The primary area National Guard members were asked to help with was sandbagging, said Siemandel. One of the three groups was stationed at the sandbagging station in downtown Centralia Friday afternoon to help volunteers bag and load sandbags. 

The National Guard will remain in South Thurston and Lewis counties to help with flooding as long as it's needed, Siemandel said. 

Members of the Washington National Guard help fill sandbags at the Centralia sandbag station Friday afternoon.
Members of the Washington National Guard help fill sandbags at the Centralia sandbag station Friday afternoon.

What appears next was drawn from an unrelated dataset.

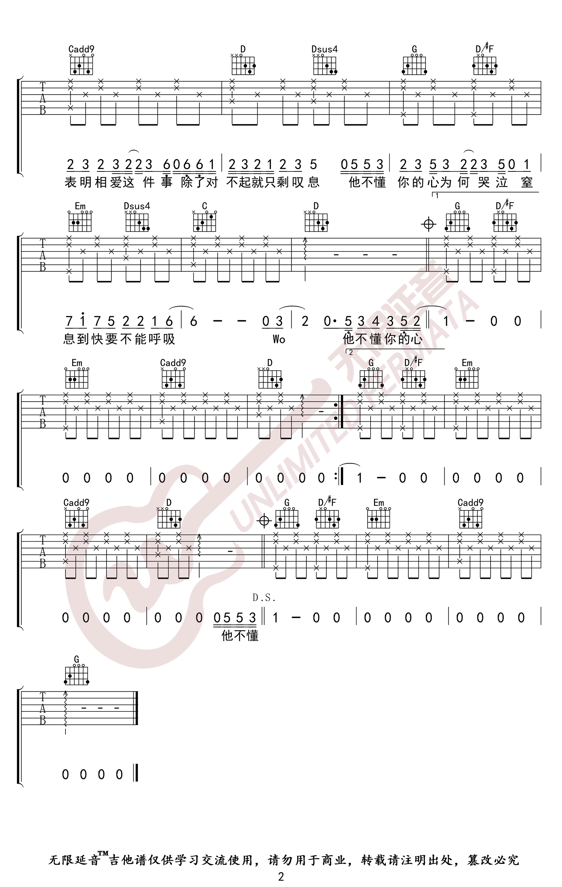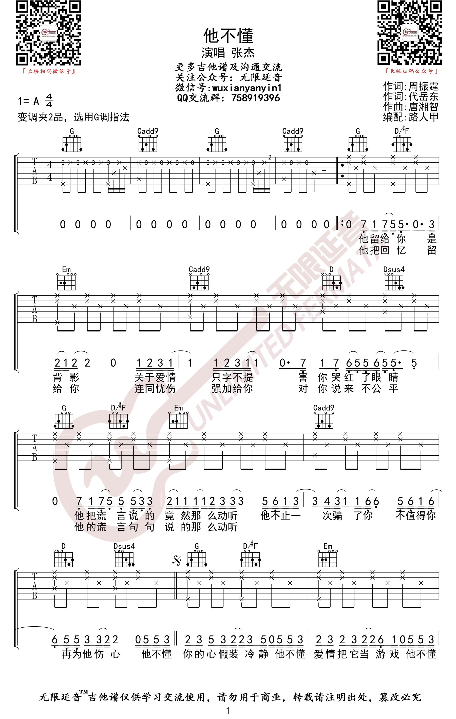 曲谱介绍: 张杰《他不懂》吉他弹唱谱,采用A调指法编配,共有2张高清图谱,免翻页排版设计。

– Emily Fitzgerald/emily@chronline.com

1 p.m.: I-5 Reopens As Flood Waters Recede 

All lanes of Interstate 5 have reopened, the Washington state Department of Transportation (WSDOT) announced at 1 p.m. on Friday. The exit ramp at southbound Exit 77 remains closed.

“Flood waters receded faster than expected,”  WSDOT tweeted. 

Visit WSDOT’s Twitter feed at https://twitter.com/wsdot for updates on I-5. 

Many roads in Lewis County remain closed due to flooding. Visit https://roads.lewiscountywa.gov/ for a complete list.

1 p.m.: Centralia Police Continue Working to Evacuate Flooded Residents, Divert Traffic  

The Centralia Police Department is working with Riverside Fire Authority to evacuate Centralia residents out of houses and hotel rooms that are currently inundated or about to be inundated with water. 

Officers and firefighters are using high rescue vehicles to get people out of danger and to either the Red Cross shelter at Centralia Middle School or to another safe place to meet up with family. 

“We just get them out of that location. And if they need to go into shelter, we take them there, or to their family, whatever their needs are,” said Centralia Police Chief Stacy Denham. 

The biggest problems Centralia police officers are currently facing, Denham said, is traffic. People choosing to drive around road closure barricades is a major safety concern, Denham said, as officers can’t monitor every barricade to prevent people from driving into high water. 

“The danger of doing that can be pretty severe,” he said.

12:30 p.m. Update: Skookumchuck Cresting Near ‘Moderate’ Stage; Forecast to Improve in Afternoon

Though the forecast on Thursday correctly predicted Friday to be the worst day of the flooding across West Lewis County, it thankfully missed the mark on its prediction for the height of the Skookumchuck River at Centralia.

At about noon on Friday, Mary Butwin, a meteorologist with the National Weather Service (NWS) said: “Looking at the height of it right now (the Skookumchuck at Centralia) does seem to be cresting at the moment.”

After it crests, flood waters from the Skookumchuck should start to recede later this afternoon.

Currently, the river is at 189.97 feet, just .03 feet below the stage where it is considered to be “moderate flooding,” according to NWS. 

Though there is never certainty with floods and rain, this means the river will be well under its record-high in Centralia, which was set in 1996 at 191 feet. Yesterday, it was forecast to rise 2 whole feet above that record. So, this is good news, but not yet time to count unhatched chickens. NWS will continue to monitor the river closely. 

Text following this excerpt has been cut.